> TASK
Take the records below and set down exactly the lines from the one with "Может ли BERT" to the one with "但是,突然有一天,你的 Redis 因为某些原因宕机了,这时你的所有业务流量,都会打到后端", ends included; do not copy the pictures.

> ENTRIES PROVIDED
• • • • •
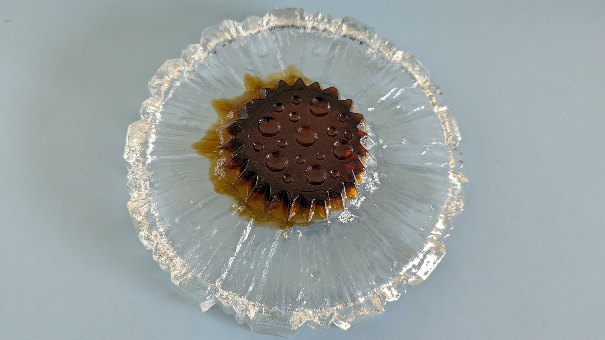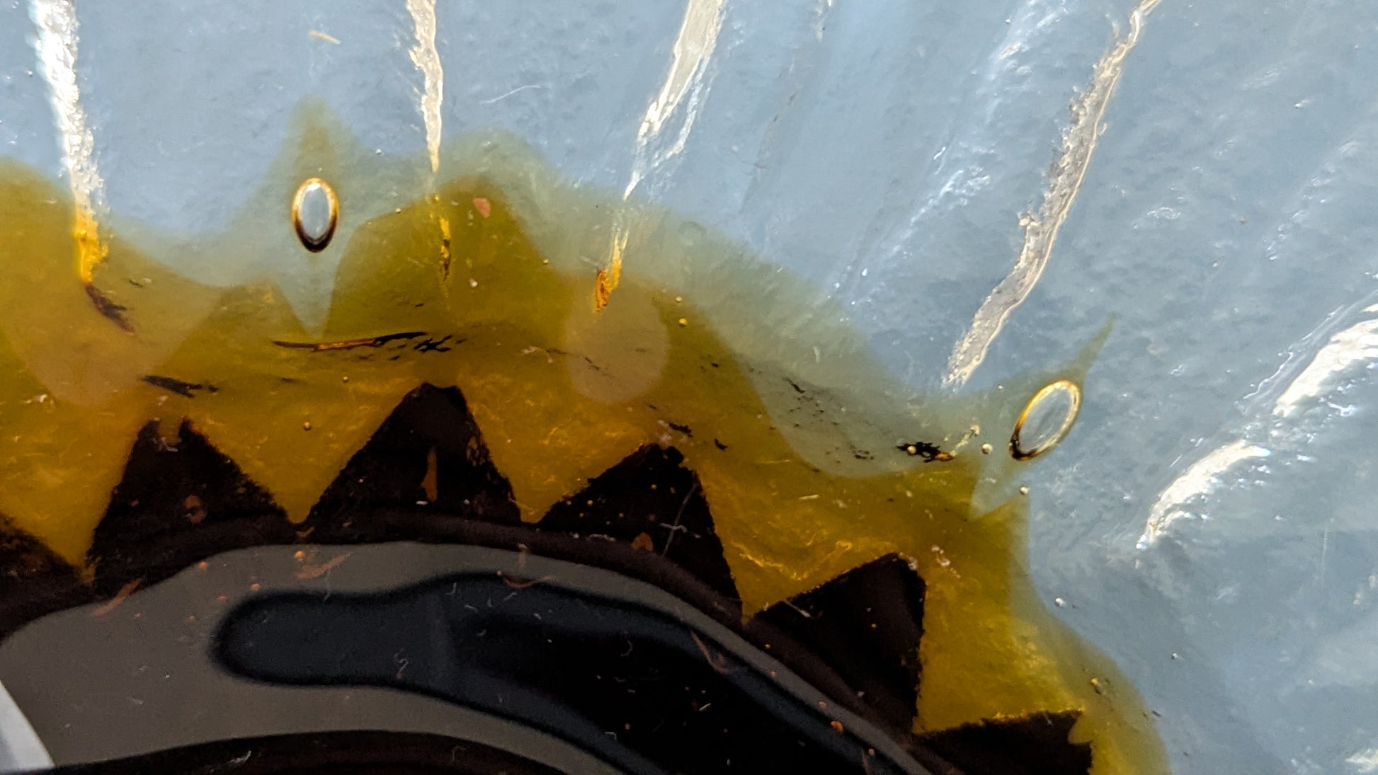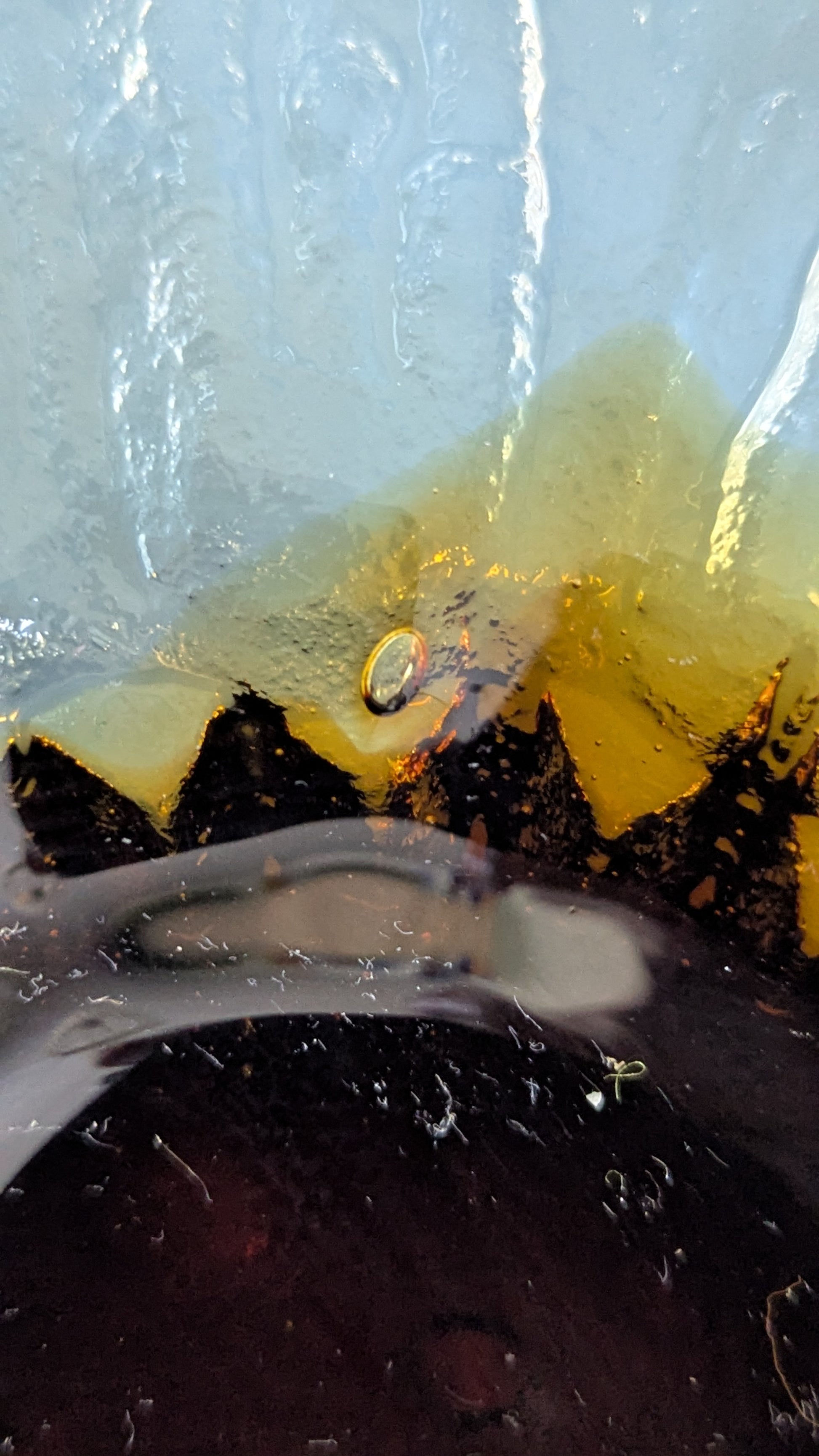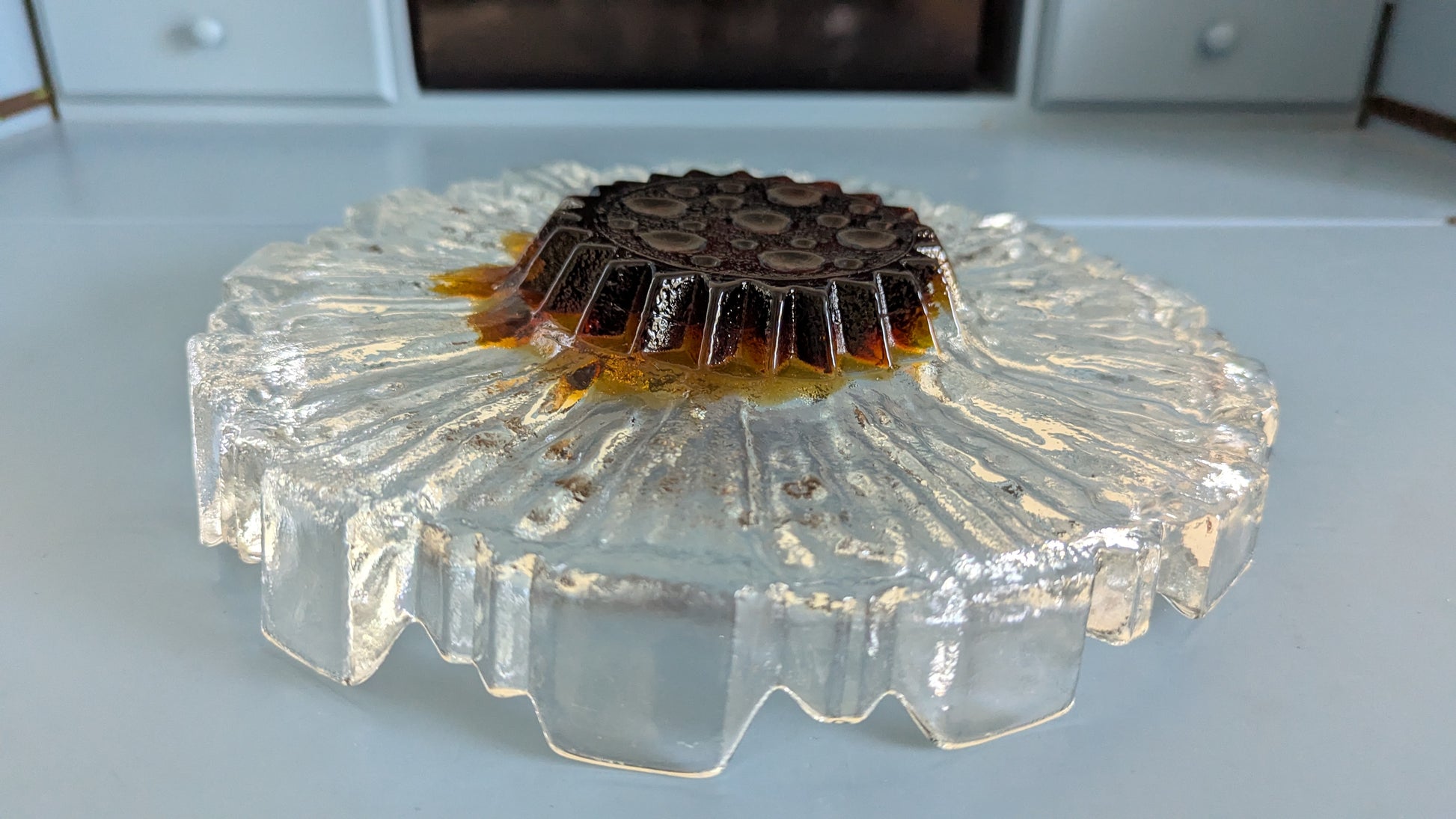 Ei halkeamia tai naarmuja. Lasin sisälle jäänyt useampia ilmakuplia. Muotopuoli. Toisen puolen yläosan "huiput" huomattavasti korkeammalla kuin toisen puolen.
• • • • •
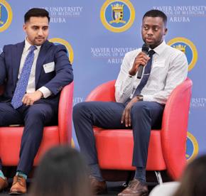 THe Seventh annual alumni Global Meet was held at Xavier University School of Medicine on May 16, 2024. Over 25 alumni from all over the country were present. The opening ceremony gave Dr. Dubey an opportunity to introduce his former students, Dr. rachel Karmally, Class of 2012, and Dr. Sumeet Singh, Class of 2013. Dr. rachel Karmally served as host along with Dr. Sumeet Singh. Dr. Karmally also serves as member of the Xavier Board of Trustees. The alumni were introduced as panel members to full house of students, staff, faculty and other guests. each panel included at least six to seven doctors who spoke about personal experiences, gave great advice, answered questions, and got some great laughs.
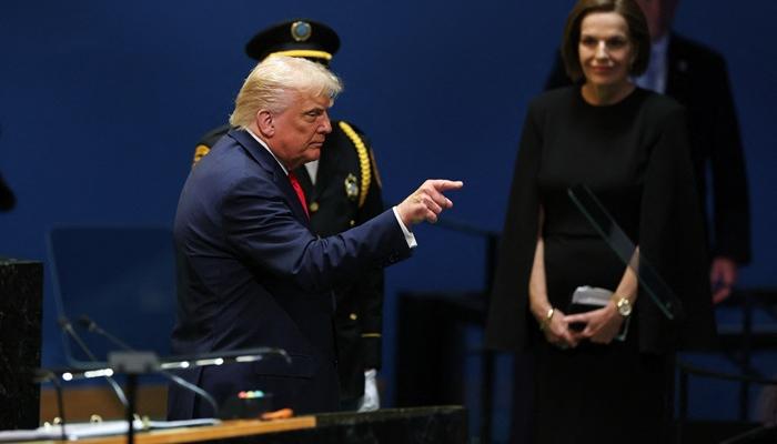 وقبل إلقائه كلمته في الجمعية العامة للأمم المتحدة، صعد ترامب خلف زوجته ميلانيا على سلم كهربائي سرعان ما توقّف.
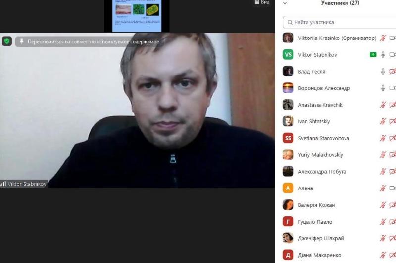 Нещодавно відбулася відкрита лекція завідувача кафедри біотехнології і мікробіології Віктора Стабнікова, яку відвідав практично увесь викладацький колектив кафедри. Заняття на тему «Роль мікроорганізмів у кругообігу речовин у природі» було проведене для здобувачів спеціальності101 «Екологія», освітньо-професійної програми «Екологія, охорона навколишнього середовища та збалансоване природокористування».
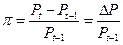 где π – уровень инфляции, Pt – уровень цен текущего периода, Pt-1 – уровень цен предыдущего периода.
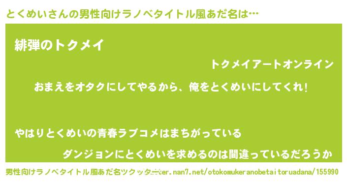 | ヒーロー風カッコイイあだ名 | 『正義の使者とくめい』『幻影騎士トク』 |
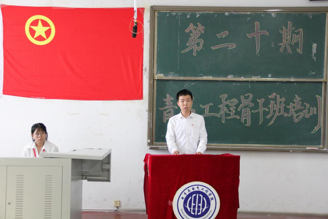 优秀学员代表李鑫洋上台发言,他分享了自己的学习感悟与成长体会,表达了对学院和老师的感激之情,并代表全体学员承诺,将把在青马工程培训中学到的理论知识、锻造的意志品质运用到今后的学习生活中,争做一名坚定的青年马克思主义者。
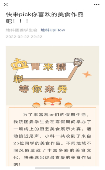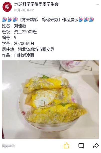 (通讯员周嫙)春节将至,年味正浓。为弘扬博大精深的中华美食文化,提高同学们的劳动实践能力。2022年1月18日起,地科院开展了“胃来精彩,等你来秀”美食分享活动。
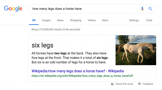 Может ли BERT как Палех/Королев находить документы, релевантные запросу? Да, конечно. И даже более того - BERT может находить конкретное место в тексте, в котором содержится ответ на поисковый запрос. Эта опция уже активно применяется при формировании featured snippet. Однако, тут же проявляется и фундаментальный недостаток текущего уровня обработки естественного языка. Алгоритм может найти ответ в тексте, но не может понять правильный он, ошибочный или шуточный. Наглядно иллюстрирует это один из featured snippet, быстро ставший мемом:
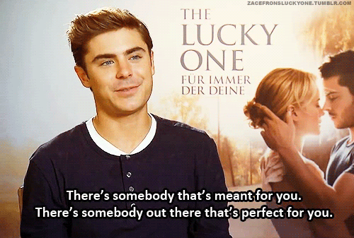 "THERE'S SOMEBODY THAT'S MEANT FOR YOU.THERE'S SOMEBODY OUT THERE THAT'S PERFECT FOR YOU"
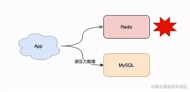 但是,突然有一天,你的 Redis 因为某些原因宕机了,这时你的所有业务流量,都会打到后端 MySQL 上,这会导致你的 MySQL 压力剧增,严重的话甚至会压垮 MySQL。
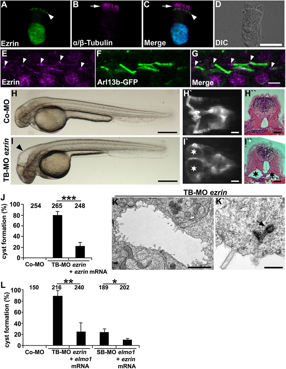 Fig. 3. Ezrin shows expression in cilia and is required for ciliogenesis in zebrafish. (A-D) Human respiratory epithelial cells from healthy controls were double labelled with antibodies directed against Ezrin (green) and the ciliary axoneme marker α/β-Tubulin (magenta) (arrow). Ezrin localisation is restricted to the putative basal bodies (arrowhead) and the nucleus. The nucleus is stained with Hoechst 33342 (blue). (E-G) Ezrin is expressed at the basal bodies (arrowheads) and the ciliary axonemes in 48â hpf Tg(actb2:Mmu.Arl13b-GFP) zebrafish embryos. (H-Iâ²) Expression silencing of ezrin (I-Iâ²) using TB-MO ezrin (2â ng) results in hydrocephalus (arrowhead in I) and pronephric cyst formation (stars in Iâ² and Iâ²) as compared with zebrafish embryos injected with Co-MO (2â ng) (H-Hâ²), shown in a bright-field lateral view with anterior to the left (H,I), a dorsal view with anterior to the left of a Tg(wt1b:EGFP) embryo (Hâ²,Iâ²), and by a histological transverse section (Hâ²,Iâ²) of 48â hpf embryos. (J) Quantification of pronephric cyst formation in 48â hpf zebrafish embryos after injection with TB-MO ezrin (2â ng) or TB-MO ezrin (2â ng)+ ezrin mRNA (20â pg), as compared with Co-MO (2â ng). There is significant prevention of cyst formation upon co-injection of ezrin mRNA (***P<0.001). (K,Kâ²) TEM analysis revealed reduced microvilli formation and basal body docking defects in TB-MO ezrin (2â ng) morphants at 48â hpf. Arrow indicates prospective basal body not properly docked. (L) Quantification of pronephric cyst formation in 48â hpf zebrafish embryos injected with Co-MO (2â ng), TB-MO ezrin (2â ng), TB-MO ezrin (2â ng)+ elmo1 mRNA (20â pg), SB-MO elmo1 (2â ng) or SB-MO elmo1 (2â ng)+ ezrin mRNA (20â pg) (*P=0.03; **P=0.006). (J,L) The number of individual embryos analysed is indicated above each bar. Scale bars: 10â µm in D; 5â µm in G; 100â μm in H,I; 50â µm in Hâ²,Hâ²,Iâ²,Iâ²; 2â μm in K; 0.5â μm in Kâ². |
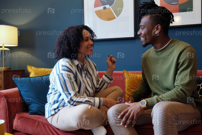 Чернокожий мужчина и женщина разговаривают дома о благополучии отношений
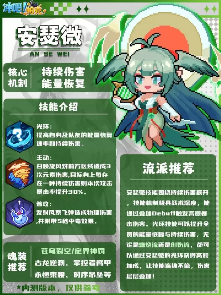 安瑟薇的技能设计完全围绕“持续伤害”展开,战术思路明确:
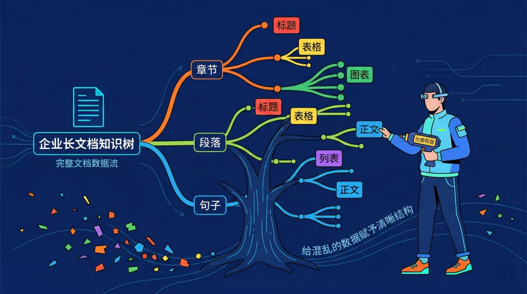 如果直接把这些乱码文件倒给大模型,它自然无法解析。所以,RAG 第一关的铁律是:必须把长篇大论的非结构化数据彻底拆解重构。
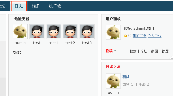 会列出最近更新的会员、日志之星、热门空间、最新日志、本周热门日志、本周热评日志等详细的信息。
• • • • •
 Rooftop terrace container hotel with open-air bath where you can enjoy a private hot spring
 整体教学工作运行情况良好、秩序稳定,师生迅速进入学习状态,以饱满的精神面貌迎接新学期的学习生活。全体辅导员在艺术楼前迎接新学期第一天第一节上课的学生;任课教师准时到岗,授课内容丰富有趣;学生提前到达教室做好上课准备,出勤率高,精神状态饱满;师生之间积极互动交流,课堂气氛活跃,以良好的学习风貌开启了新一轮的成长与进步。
• • • • •
> WRITTEN ANSWER
 Может ли BERT как Палех/Королев находить документы, релевантные запросу? Да, конечно. И даже более того - BERT может находить конкретное место в тексте, в котором содержится ответ на поисковый запрос. Эта опция уже активно применяется при формировании featured snippet. Однако, тут же проявляется и фундаментальный недостаток текущего уровня обработки естественного языка. Алгоритм может найти ответ в тексте, но не может понять правильный он, ошибочный или шуточный. Наглядно иллюстрирует это один из featured snippet, быстро ставший мемом:
 "THERE'S SOMEBODY THAT'S MEANT FOR YOU.THERE'S SOMEBODY OUT THERE THAT'S PERFECT FOR YOU"
 但是,突然有一天,你的 Redis 因为某些原因宕机了,这时你的所有业务流量,都会打到后端 MySQL 上,这会导致你的 MySQL 压力剧增,严重的话甚至会压垮 MySQL。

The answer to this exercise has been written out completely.